The Know Sure Thing (KST) oscillator was mildly bearish on the weekly and bearish on the monthly, signaling ongoing momentum pressure. Dow Theory analysis revealed no clear trend on the weekly chart and a mildly bearish trend on the monthly, suggesting that broader market forces were exerting headwinds, even as certain technical indicators showed pockets of strength.
Performance relative to the Sensex benchmark told a story of mixed fortunes. Over the past week, Control Print underperformed the Sensex with a -1.17% return versus the index’s 0.50% gain. The one-month, year-to-date, and one-year figures all showed the stock lagging the benchmark. Yet, over three and five years, Control Print delivered a cumulative return of 83.29% and 252.73%, respectively—well ahead of the Sensex’s 37.43% and 93.43%. The ten-year return, however, trailed the index, underscoring the importance of time horizon in evaluating performance.
With its current price in the upper-middle of its annual valuation band and a market capitalization placing it in the mid-tier of its sector, Control Print’s technical profile was described as “complex but intriguing.” Investors were advised to monitor the stock closely, weighing mixed signals from MACD, RSI, Bollinger Bands, and volume indicators.
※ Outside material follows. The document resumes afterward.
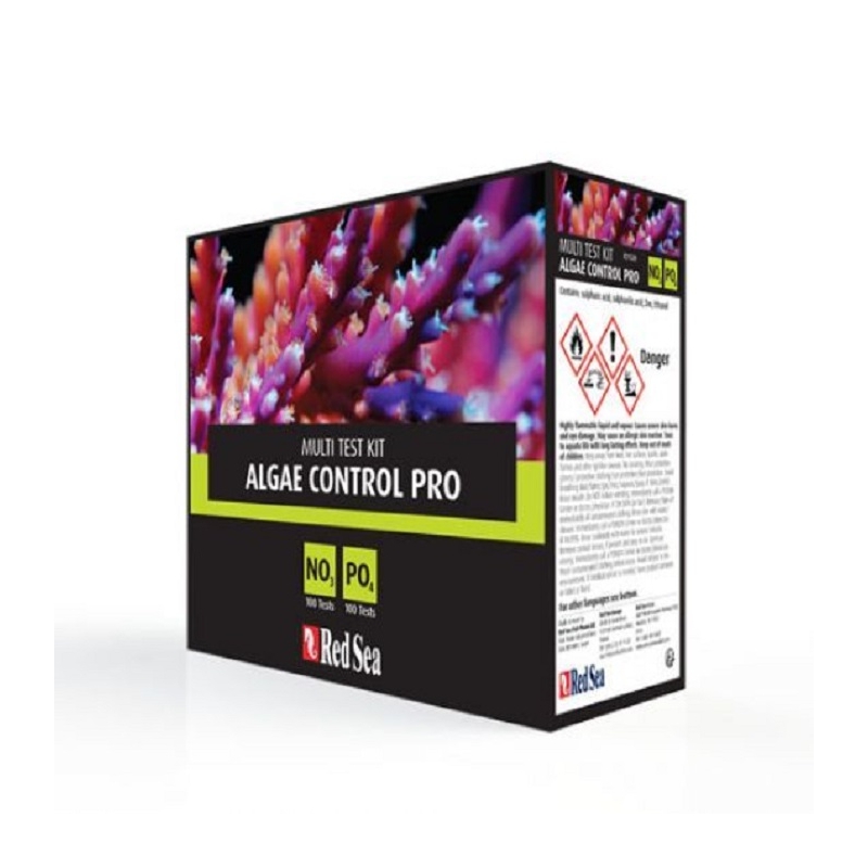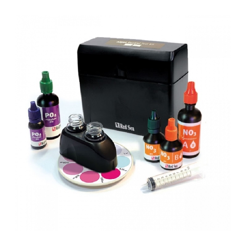 El kit de control de algas de Red Sea incluye pruebas de comparación colorimétrica de alta precisión para la medición de nitrato y fosfato con una precisión excepcionalmente alta.

As one technical analysis noted, “the recent revision in Control Print’s evaluation metrics, particularly the shift in technical trend from sideways to mildly bullish, suggests a changing market assessment.”
Looking ahead, both Nvidia and Control Print face pivotal moments. Nvidia’s next moves hinge on its ability to reclaim key resistance levels and reverse bearish momentum, while Control Print’s future will be shaped by confirmation of its nascent bullish trend—or a return to sideways consolidation. For investors, the lesson is clear: in markets defined by rapid shifts and mixed signals, vigilance and adaptability remain essential.